Диккенс разобрался с этим легким спуском дезертирства, этим молчаливым предательством, с замечательной точностью в описании нерешительности Пипа. Она содержит хорошее предположение о том слабом романтизме, который является корнем всякого снобизма: что тайна, которая принадлежит патрицианской жизни, волнует нас больше, чем открытые, даже неприличные добродетели смиренных. Пип больше беспокоится о мисс Хэвишем, которая, возможно, желает ему добра, чем о Джо Гарджери, который явно желает. Все это очень сильно и здорово; но все еще немного сурово. «Наш общий друг» (1864) возвращает нас немного к его более веселому и нормальному манеру; некоторая сатира, такая как та, что на выборах Венеринга, в лучшем из его старых стилей, такая воздушная и причудливая, но бьющая так внезапно и так сильно. Но даже здесь мы находим более полное и серьезное отношение к психологии; особенно в двух фактах: он создает действительно человеческого злодея, Брэдли Хедстоуна, а также того, кого мы могли бы назвать действительно человеческим героем, Юджина, если бы не то, что он слишком человечен, чтобы вообще называться героем. Говорили (неизменно хамы), что Диккенс никогда не описывал джентльмена; это все равно что сказать, что он никогда не описывал зебру. Джентльмен — очень редкое животное среди человеческих существ, и для людей вроде Диккенса, интересующихся всем человечеством, не самое важное.
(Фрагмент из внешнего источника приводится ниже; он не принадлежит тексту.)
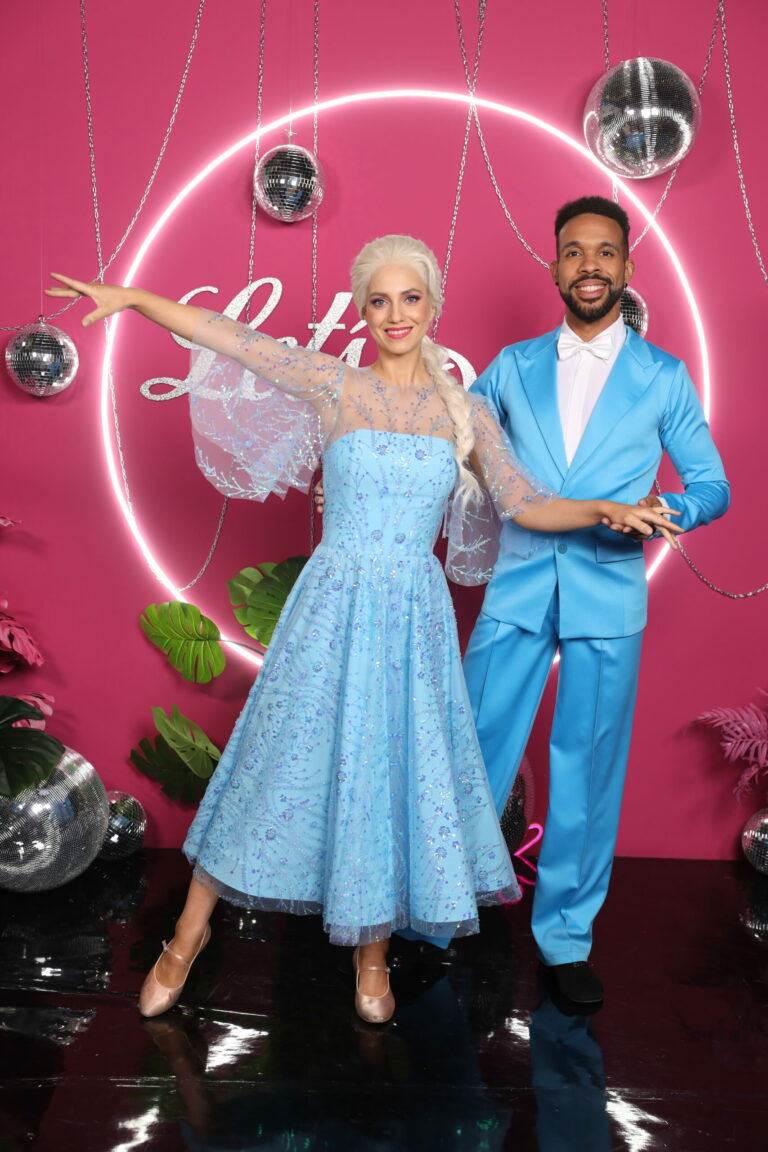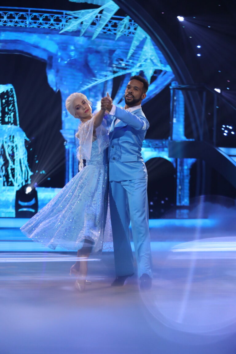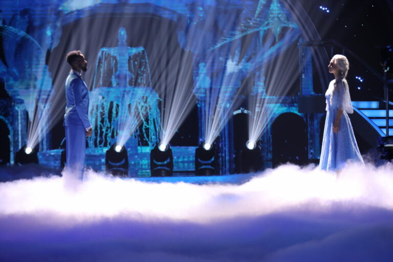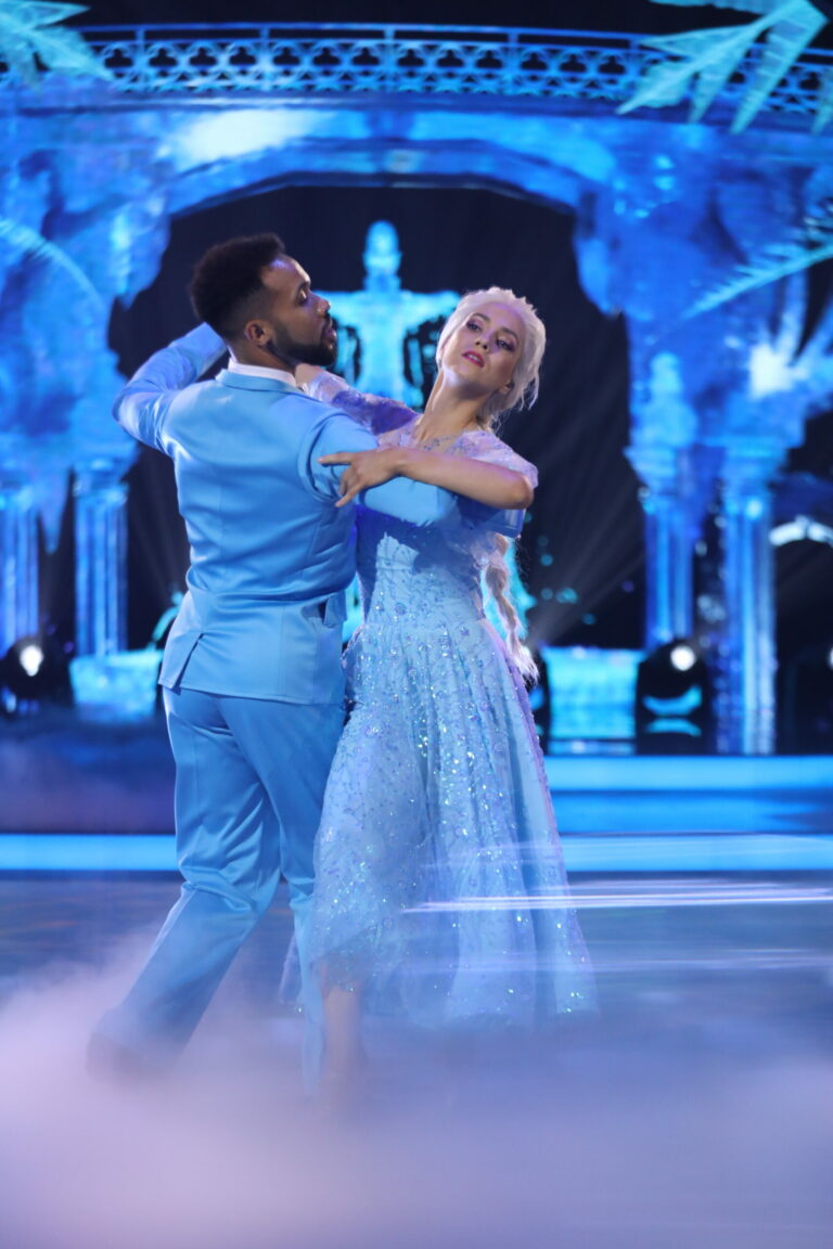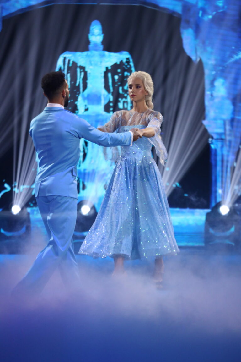 Ľadové kráľovstvo a slowfox v podaní Ráchel Šoltésovej a Titusa Ablorha v treťom kola Let’s Dance 2025. Bratislava, 16. marec 2025. Foto: TV Markíza.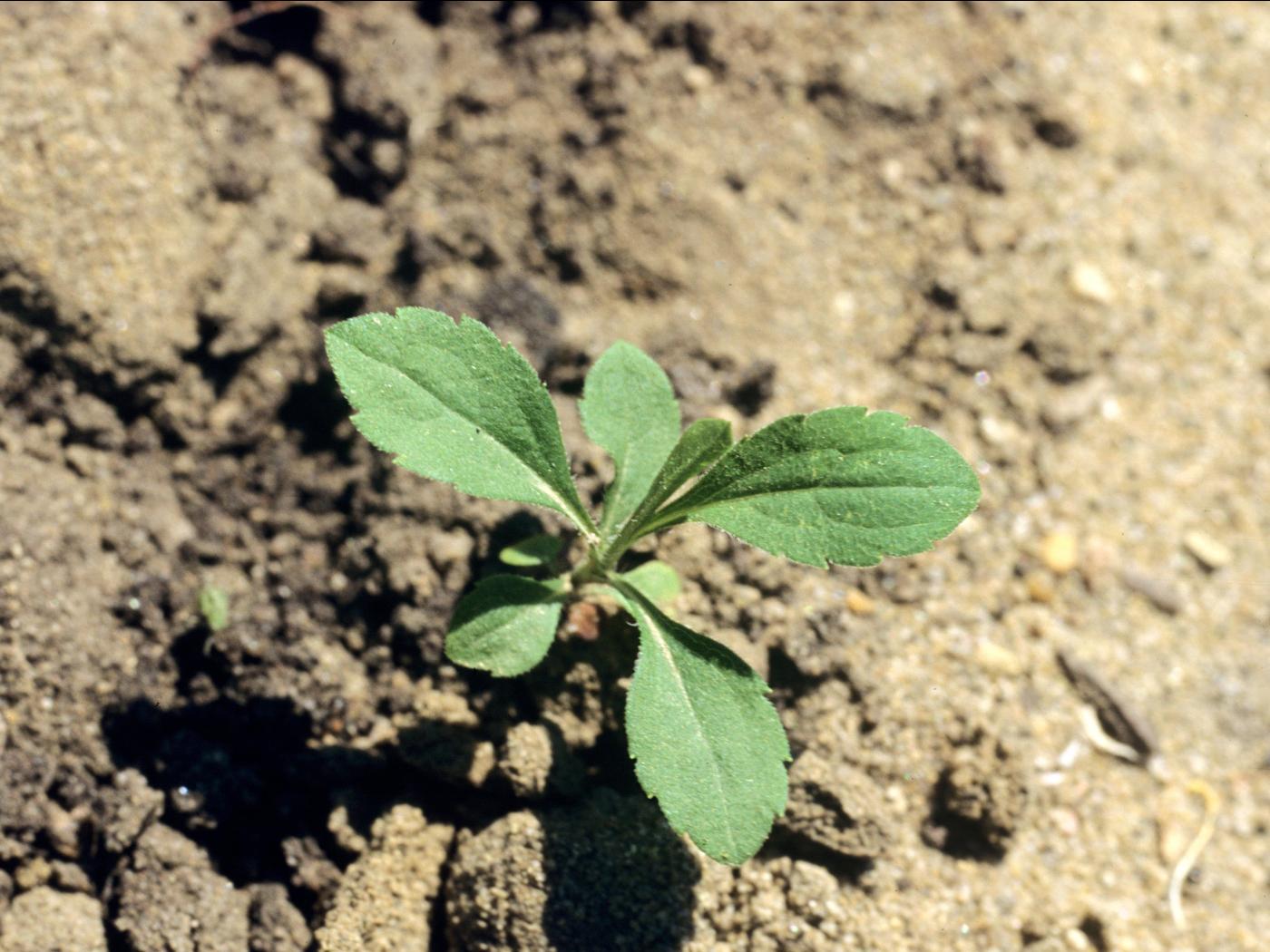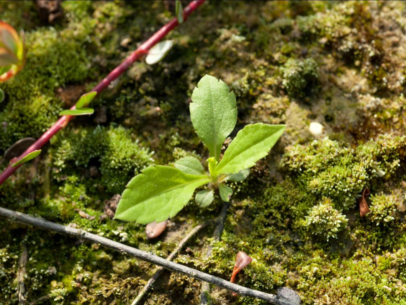 La plantule est composée de feuilles alternes qui forment une rosette. Les cotylédons sont de forme oblongue et mesurent de 1,5 à 2,5 mm de longueur. Les premières feuilles sont pubescentes, de forme arrondie à ovale, le bord du limbe porte de 1 à 2 encoches ou quelques dents grossières. Les cotylédons se dessèchent rapidement après l’apparition des feuilles.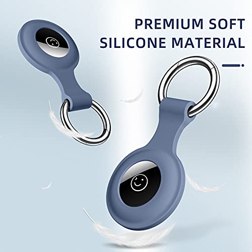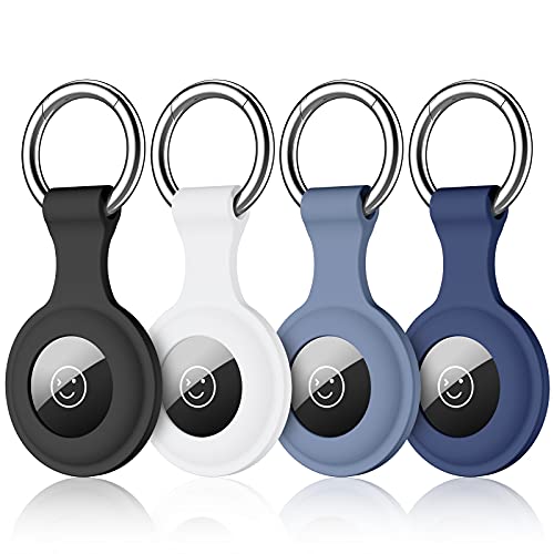 Dirrelo 4 Pezzi Custodia Airtag con Portachiavi Airtag Compatibile con Airtag Apple Custodia, Silicone Anti-Smarrimento, Anti-Graffio Custodia Protettiva per Airtag Apple, Nero+Bianco+Blu+BluGrigio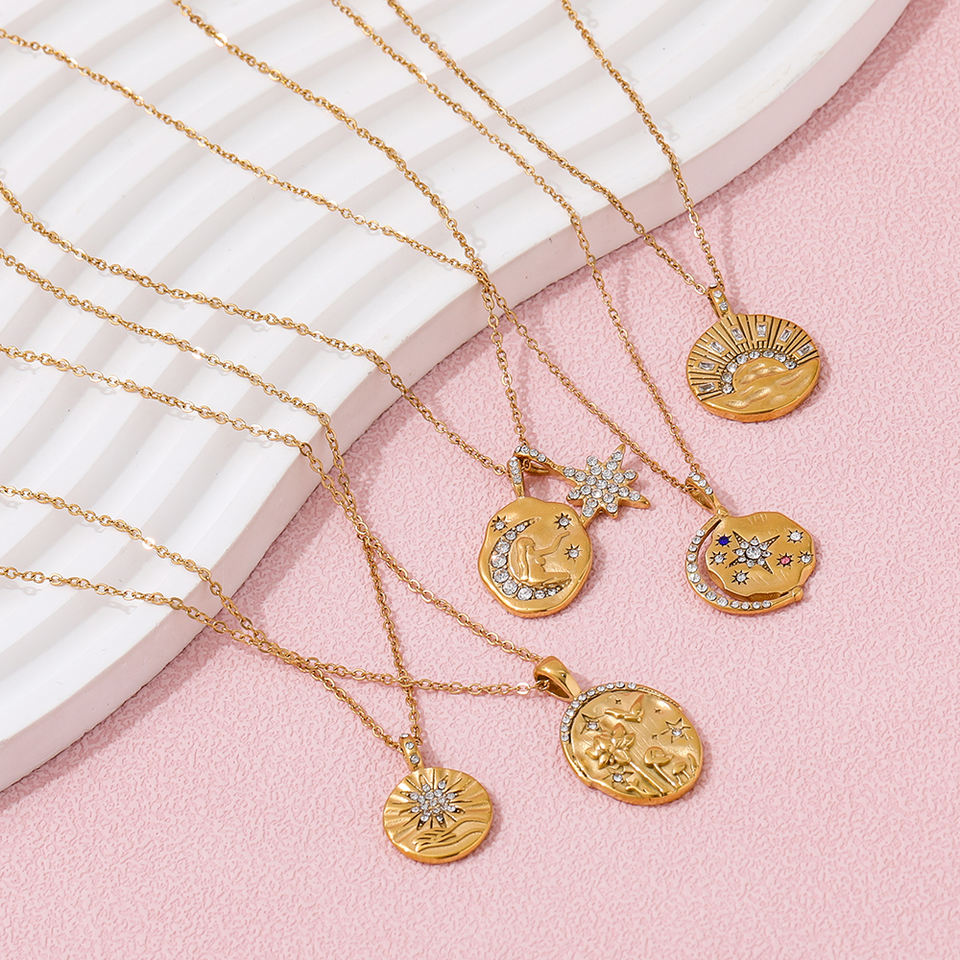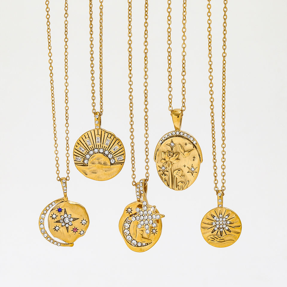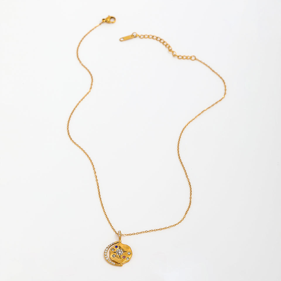Joolim 18K PVD Gold Plated Waterproof Tarnish Free Moon Star Sun Zirconia Coin Pendant Stainless Steel Necklace Fashion Jewelry

Но в Юджине Рейберне он, сознательно или нет, поворачивает это обвинение с удвоенной силой. Ибо он не только описывает джентльмена, но и описывает внутреннюю слабость и опасность, которые принадлежат джентльмену, дьявола, который всегда раздирает внутренности праздного и приятного человека. В бесцельном преследовании Юджином Лиззи Хексам, в его еще более бесцельном мучении Брэдли Хедстоуна автор чудесно осознал ту странную пустую упрямство, которая движет прихотями и удовольствиями досужего класса. Он видит, что нет ничего, к чему такой человек придерживался бы более упрямо, чем к тому, что он не особенно хочет делать. Мы все еще в серьезной психологии.